Producing Jewish arts events in recent years, I understood this in a broad sense, often encountering a self-conscious attitude that our culture could not be of interest to others.  But now I feel it more acutely after immersion in a project of great significance to modern Jewry that was not spearheaded by Jews. Given the reservoirs of hurt still gathered around all things Jewish and Polish, it is not surprising that it took two sculptors from the East Coast of the United States to highlight what an artistic treasure had been built by Jewish communities in Poland before the war. Yet there was an essential quality – a Yiddishe neshama – missing from the process, which I felt acutely.

Between the push-pull of doing and discovering, at any given moment with the Handshouse team, I felt a mixture of pride and frustration, admiration and isolation. Perhaps what I was looking for – a textured experience of a Jewish past and present in the place where my entire family came from – could not be found in this art project.

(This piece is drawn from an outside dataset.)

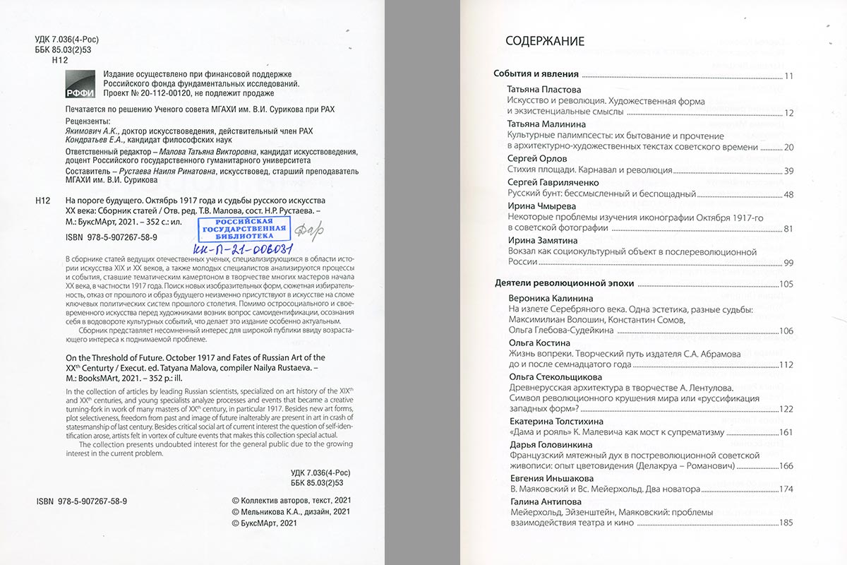 На пороге будущего. Октябрь 1917 года и судьбы русского искусства XX века. Москва, 2021.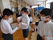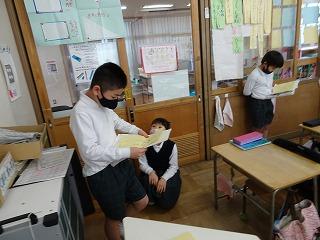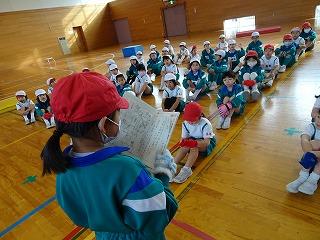 ↑6年生は、1年生や2年生にお手紙を渡しました。6年生の思いをしっかり受けとめていました。

But I did find Blumeh. After carrying her name with me since birth, I finally spent time with her while painting a funny little flower. And I found a new understanding of my grandfather – of his loss, his resilience, his courage and of his pressing impulse to create art. Clearly, there is no perfect “return to Poland” itinerary. But among our group there was an imperfect striving to tell and know one another’s stories. In doing so, we were making history.

Evelyn Tauben is an independent curator, producer and writer with a focus on new Jewish culture. A version of this article appeared in the Jewish Daily Forward on Oct. 5, 2012.